The books by Belsley, Kuh, and Welsch and by Cook and Weisberg listed in the References section discuss regression diagnostics in detail. The mathematical derivations for the diagnostics covered here can be found in these books. Chapter 11 of the Neter, Wasserman, and Kuntner book listed in the References section discusses regression diagnostics in a less theoretical way. We will only give a brief overview of the various regression diagnostics. For more thorough guidance on when these various diagnostics are appropriate and how to interpret them, see one of these texts (or some other text on regression that covers these topics).

At a minimum, diagnostic analysis of a linear fit includes the various plots of the residuals and predicted values described above. For more complete diagnostics, the variables written to the file dpst3f.dat can be analyzed. Specifically, this file contains

 Column 1: the diagonals of the hat matrix (the hat matrix is $$X(X'X)X'$$ where $$X'$$ is the transpose of the $$X$$ matrix). In themselves, the diagonal elements are measures of the leverage of a given point. The minimum leverage is $$\frac{1} {n}$$, the maximum leverage is 1.0 and the average leverage is $$\frac{p} {n}$$ where $$P$$ is the number of variables in the fit. These elements are also used to calculate many other diagnostic statistics. Note that $$H_{ii} = \frac{\mbox{VAR(Predicted Value)}} {\mbox{Residual Variance}}$$ Column 2: the variance of the residuals $$\mbox{VAR(res)} = \mbox{MSE} (1 - H_{ii})$$ Column 3: the standardized residuals.

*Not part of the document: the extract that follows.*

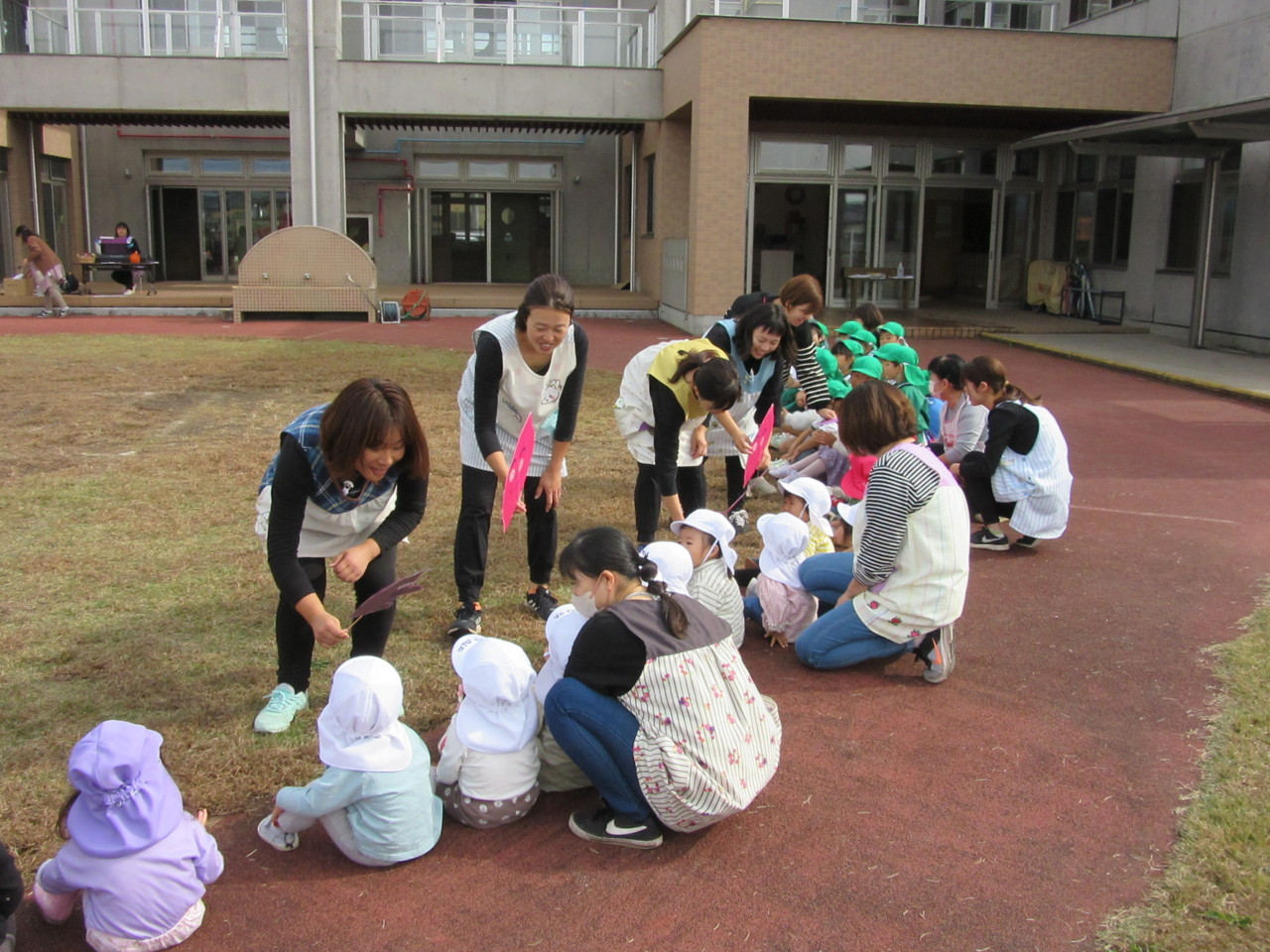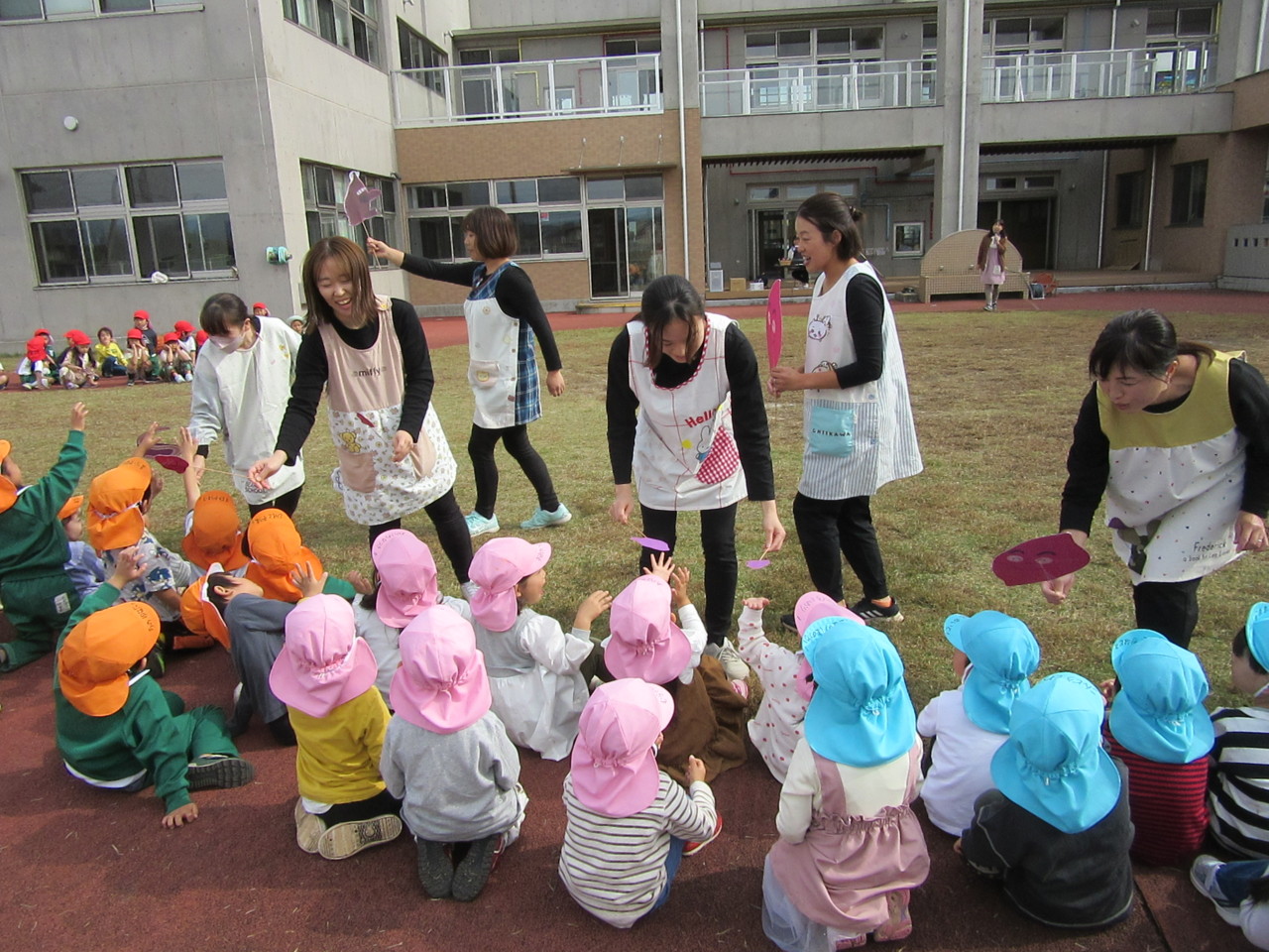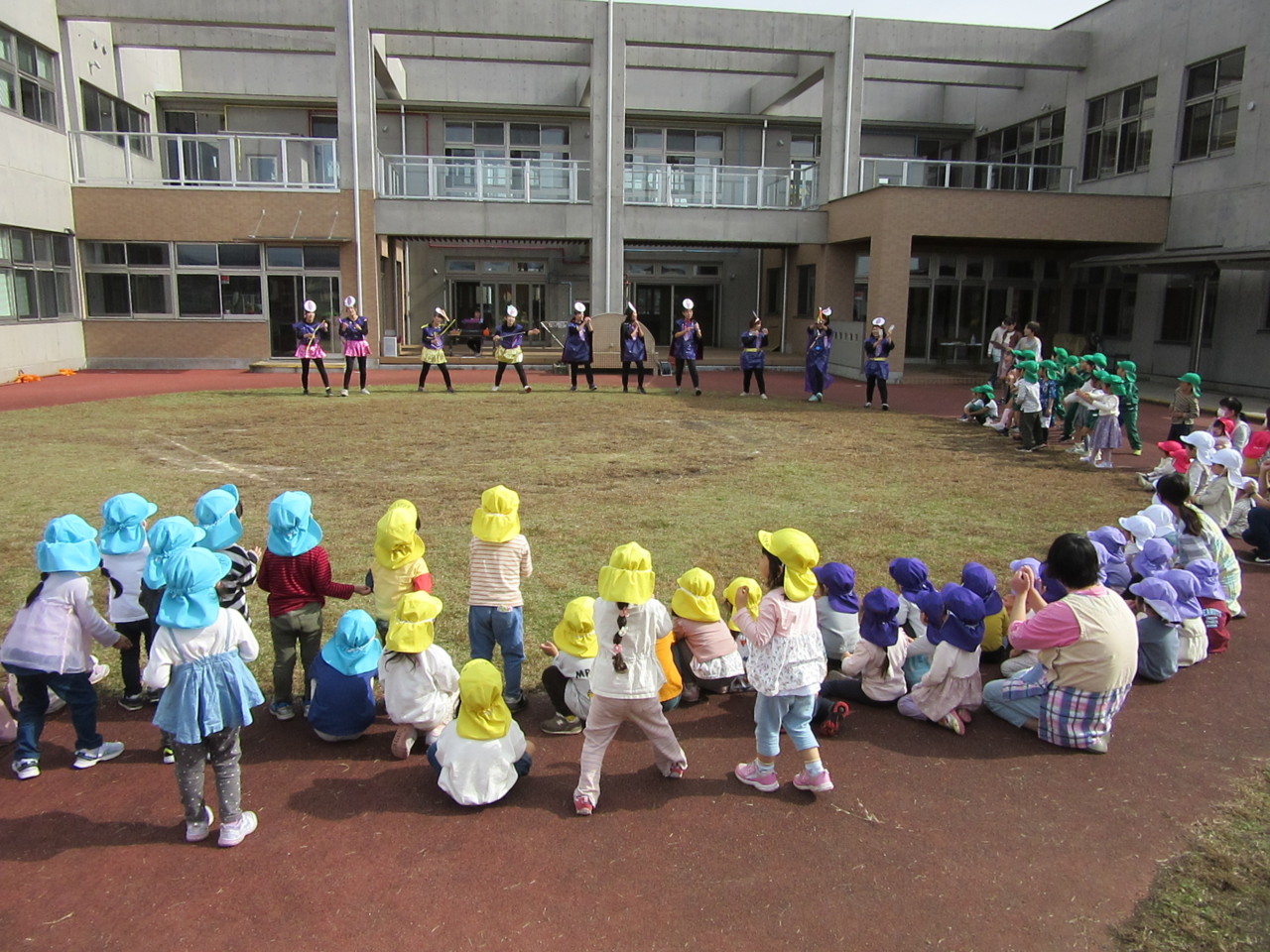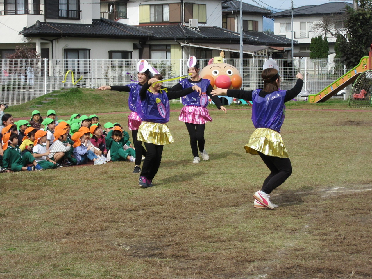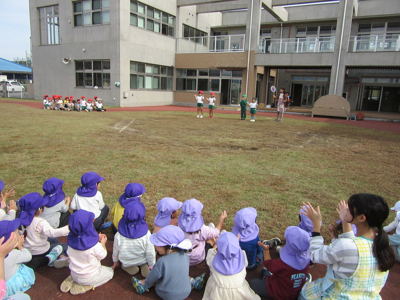 全園児で秋晴れの中、体操をしたり歌を歌ったり、お芋に扮した先生たちの寸劇を見て楽しみました。

These are the residuals divided by the square root of the mean square error. $$\mbox{STRES} = \frac{\mbox{residual}} {\sqrt{\mbox{MSE}}}$$ Column 4: the internally studentized residuals. These are the residuals divided by their standard deviations. Column 5: the deleted residuals. These are residuals obtained from subtracting the predicted values with the i-th case omitted from the observed value. Column 6: the externally studentized residuals. These are the deleted residuals divided by their standard deviation. Column 7: Cook's distance. This is a measure of the impact of the i-th case on all of the estimated regression coefficients. $$\mbox{Cook} = \frac{\mbox{res}^2}{p \mbox{MSE}} \frac{H_{ii}} {(1 - H_{ii})^2}$$ Column 8: $$\mbox{DFFITS} = \mbox{EXTSRES} \sqrt{H_{ii} (1 - H_{ii})}$$

Additional diagnostic statistics can be computed from these values. Several of the texts in the REFERENCE section below discuss the use and interpretation of these statistics in more detail. These variables can be read in as follows:

SKIP 1
SET READ FORMAT 8E15.7
READ DPST3F.DAT HII VARRES STDRES ISTUDRES DELRES ...
ESTUDRES COOK DFFITS
SKIP 0

Many analysts prefer to use the standardized residuals or the internally studentized residuals for the basic residual analysis. Deleted residuals and externally deleted residuals are used to identify outlying Y observations that the normal residuals do not identify (cases with high leverage tend to generate small residuals even if they are outliers).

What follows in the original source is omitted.